The family that drinks together, stays together. Or perhaps it’s more like (with apologies to Tolstoy) “all happy families are alike; each drunken family is drunk in its own way?” Irrespective of pithy twists on well-known phrases, there’s no question that alcohol (with some marijuana thrown in) plays a big role in Clara’s Ghost, the feature-directorial debut from actress Bridey Elliott (Fort Tilden). Starring sister Abby Elliott (Better Off Single), father Chris Elliott (The Rewrite), mother Paula Niedert Elliott (as the titular Clara, in her first on-screen role) and Bridey Elliott, herself, it’s very much a family affair. Haley Joel Osment (forever linked to his breakout boyhood role in The Sixth Sense) makes an appearance, as well, though, in an ironic twist, he is not the one who “sees dead people” here. Instead, these visions are all the property of matriarch Clara; by the end of the film it becomes clear that the true phantom is not a supernatural one, however, but rather the specter of addiction. The fact that the narrative is played mostly for comedy only makes its core message – about the lure and danger of substance abuse – all the more powerful.

We open with two stories in parallel, of the parents and children, each on a journey. Mom and Dad drive along a road, heading home, suddenly stopping to search for Clara’s lost shoe (a ghost of its own), while daughters Julie (Abby) and Riley (Bridey) take a commuter train from New York to Connecticut, recognized at one point as the child stars they once were (another ghost, this one of the past). Soon, however, Clara will see an actual spirit – a woman in a white dress, following her, breaking into her home, and then inhabiting her body – though only after imbibing copious liquid spirits in the kitchen (her hand, in a shot so quick one might miss it, casually brushing up against Alcoholics Anonymous’ Big Book as she pours a drink). Yes, husband, two children and the children’s pot dealer (Osment) all guzzle their fair share of liquor, as well – and are probably not far off from an intervention of their own – but it’s good old Mom who has the biggest problem…for now. Time for an exorcism.

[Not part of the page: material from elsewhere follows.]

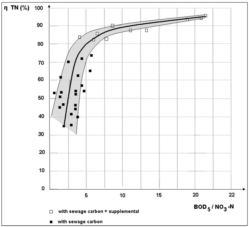 Figure 5 shows the trend in the biological denitrification efficiency as a function of the BOD5/NO3-N ratio with and without the addition of supplemental carbon. The figure clearly shows that it is possible to achieve a stable 90% efficiency (or greater), but only with the addition of supplemental carbon, and, in any case, with BOD5/NO3-N ratios greater than 6. Obviously, the results expressed by this efficiency curve are related to our specific study, and, in particular, to the adverse effects of the great variations in the quality of the raw sewage on the denitrification efficiency.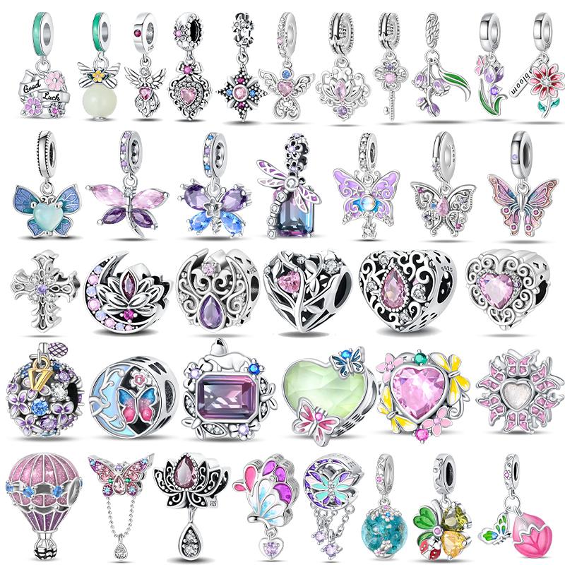 Copper Classic Purple Retro Heart Shape Lotus Angel Pattern Charms Beads Fit Necklace Bracelets Pendant Diy Jewelry

And so Elliott (Bridey, that is), carefully constructs this hybrid haunted dramedy of possession and liberation with scenes of ribald humor and blatant celebration of the convivial joy of group inebriation while simultaneously undercutting their silliness with the sadness of solitary intoxication. Clara isolates while others mingle. The nominal reason is the ghost inside her, but that ghost is but a metaphor for the larger problem. Though an inexperienced screen actor, Paula Niedert Elliott is more than up to the challenge of carrying the film and the weight of that metaphor, ably assisted by her co-stars. The family that acts together, succeeds together. Between booze and cinema, I’ll choose the latter.

– Christopher Llewellyn Reed (@ChrisReedFilm)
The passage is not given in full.